An uptick in Channel crossings illustrates that people are increasingly forced to reach the UK via small boats due to a lack of safe and legal avenues to protection. Two people have died making the journey in the past week, while another is missing. UK border officials are reportedly refusing to implement boat turnbacks for fear they will lead to more deaths at sea. Two activists are continuing a hunger strike in Calais to protest the repeated destruction and eviction of migrant camps.

2,669 people reached the UK via sea in October 2021, despite seasonal low temperatures. A record high of 853 migrants arrived on one day in November, surpassing previous records for daily arrivals. Media branding the 20,200 arrivals so far this year a “massive increase” however tend to compare to figures from 2020, when a arrivals were at a near-all-time low due to the coronavirus pandemic stalling international journeys. The number of sea arrivals is not high in comparison to other European states where: 34,000 people arrived on Italy’s shores in 2020, and 40,000 arrived in Spain, while only 8,500 arrived without authorisation by sea in Britain in 2020. Nor is the UK a comparatively popular destination for asylum claims, with only 29,450 applications last year, while Germany and France received 102,500 and 81,800 respectively. The increase in small boat arrivals however is a result of restrictive policies aimed at preventing the arrival of asylum seekers via regular means. “Limited access to, or inadequate safe and legal avenues, are contributing to more people taking alternative means, including crossing the Channel in small boats,” said the UN Migration Agency (IOM) spokesperson. The thinktank Migration Policy Group (MPG) and NGOs have recommended the UK establish resettlement schemes, humanitarian visas and work permit schemes in order to reduce human smuggling and trafficking as well as tragedies at sea.

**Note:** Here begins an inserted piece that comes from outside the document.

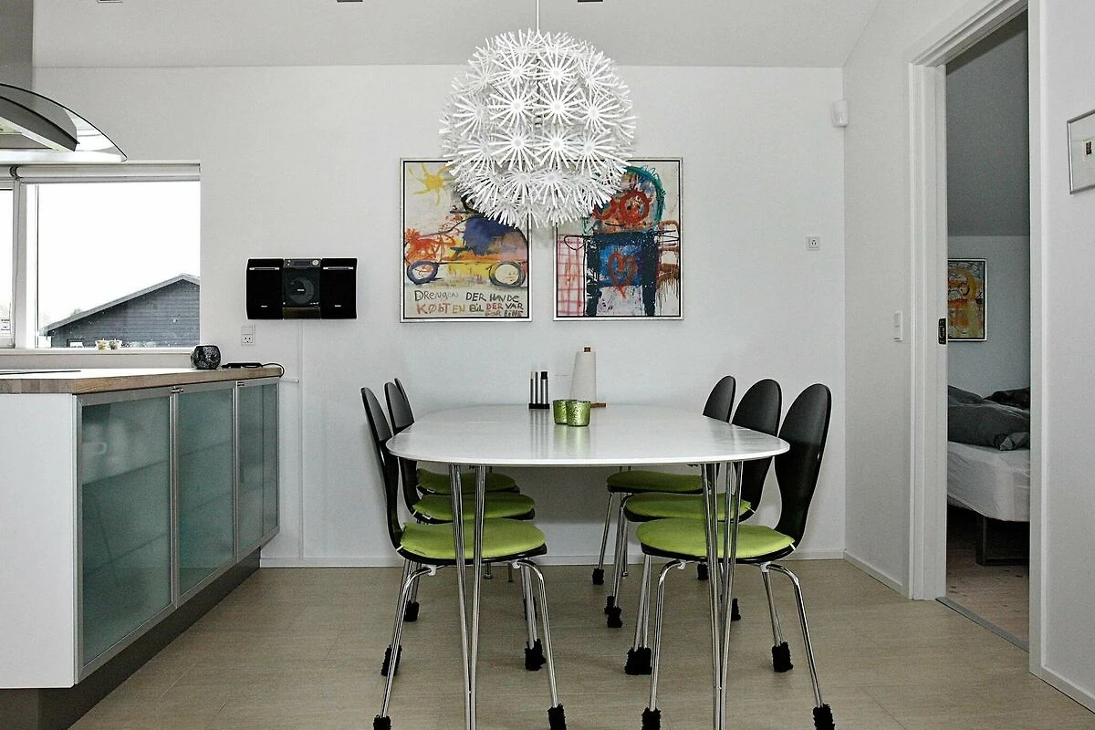 Dieses Ferienhaus liegt in einem großen Ferienhausgebiet mit vielen Freiflächen. Es ist modern und mit vielen spannenden Details eingerichtet. Gut ausgestatteter Küchen-Essbereich, der mit dem Wohnzimmer kombiniert ist, in dem ein Holzofen an kühlen Tagen wohlige Wärme verbreitet. PlayStation vorhanden. Die Boxspringbetten können einzeln oder zusammengestellt werden. In dem einen der beiden Badezimmer ist der Whirlpool untergebracht. Die Terrassen rund um das Haus laden zu gemütlichen Stunden im Freien ein, und auch der kinderfreundliche Sandstrand ist zu Fuß gut erreichbar. In Øster Hurup erwarten Sie Geschäfte, Restaurants und natürlich der Hafen, wo Sie Krabben fangen, die Segelboote beobachten oder einen Drink in einer der Gaststätten genießen können. Für Tagesausflüge lohnen der Aalborg Zoo, der Regenwald in Randers, das Djurs Sommerland oder die Fregatte Jylland in Ebeltoft. Keine Vermietung an Jugendgruppen.

The perilous nature of the Channel route has again been demonstrated by two recent deaths of people on the move at sea, adding to three lives lost at the end of October. On 3 November, French authorities pulled a person from the water unconscious when they responded to a boat that sank as a result of overcrowding. The man was later pronounced dead, while another person was declared missing. The following day, a dead body was found on a beach near Calais. Two other people, found to be suffering from hypothermia, were taken to hospital. In another tragic incident, a group of Eritreans were hit by a train in Calais, killing one person and seriously injuring three others. French police rescued or intercepted 1,470 people at sea during the first four days of November alone. On November 8 and 9, 210 people were rescued in distress and returned to Calais, Dunkirk or Boulogne.

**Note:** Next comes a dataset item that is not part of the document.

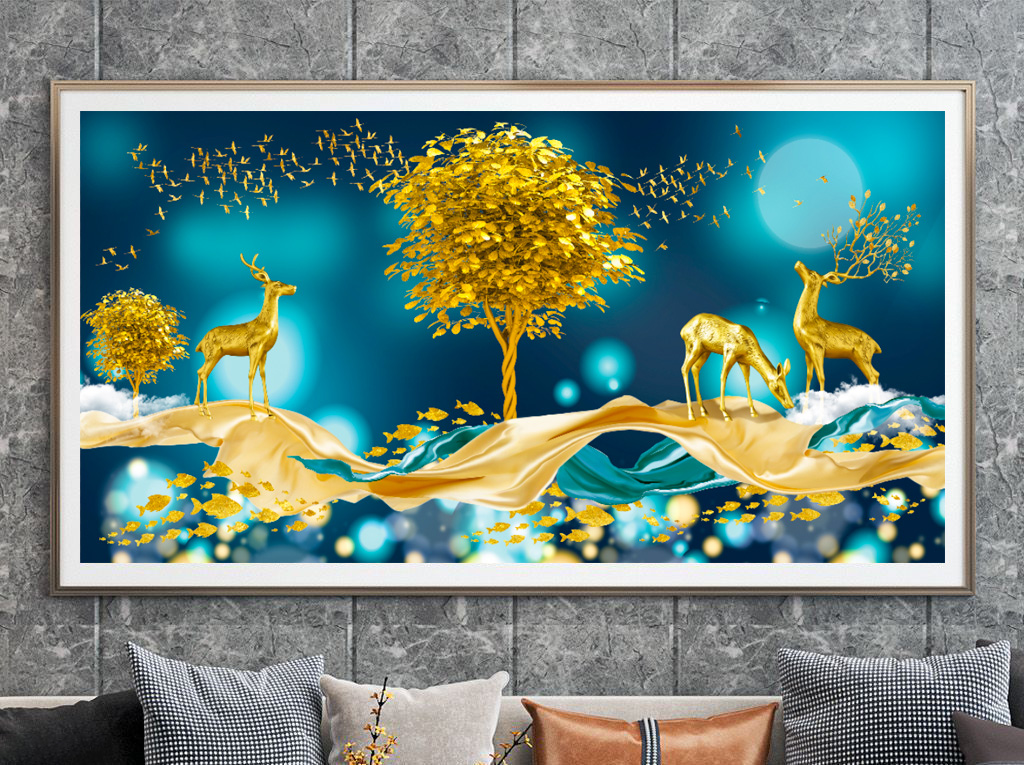 Tranh Treo Tường Phong Cảnh Hươu Tài Lộc Và Cây Vàng Treo Phòng Khách TL22

Officials from the UK’s Border Force are reportedly refusing to carry out “turnbacks” of small boats, despite the government’s insistence on establishing a “maritime deterrent”, for fear they will lead to more deaths at sea. Further, inside sources said pushbacks would never happen in practice due to various safety and legal restrictions: a boat could not be turned back in bad weather, if it was too small, if sea conditions were rough, if it was overcrowded, or if the people onboard did not have lifejackets. The Immigration Services Union (ISU) has also spoken out publicly against the proposal. Beyond the safety issues, ISU spokesperson Lucy Moreton has pointed out that such practices would require the cooperation of the French to receive vessels: “and they’ve been clear . . . they won’t co-operate with this policy as they don’t see this as legal.”

Three French activists in Calais have been on hunger strike since 11 October over the “inhuman and degrading treatment” of migrants. The strike – which demands a moratorium on evictions and confiscation of tents and belongings over the winter – comes as society groups continue to decry evictions and police harassment of people on the move in the area. Since the beginning of the year, the NGO group Human Rights Observers have witnessed the seizure or destruction of at least 5,855 tents and tarpaulins by French authorities. The group says 72 per cent of people who go to seek their confiscated belongings are unable to find them again. After 25 days without food, the Jesuit priest Philippe Demeestère chose to end his strike on 4 November in order to return to his charitable activities, but maintains his support for the other strikers. More than 300 people from the French solidarity network Emmaus have joined in a one-day fasting event to support the cause, and rallies are taking place in Calais and Briançon on 13 November.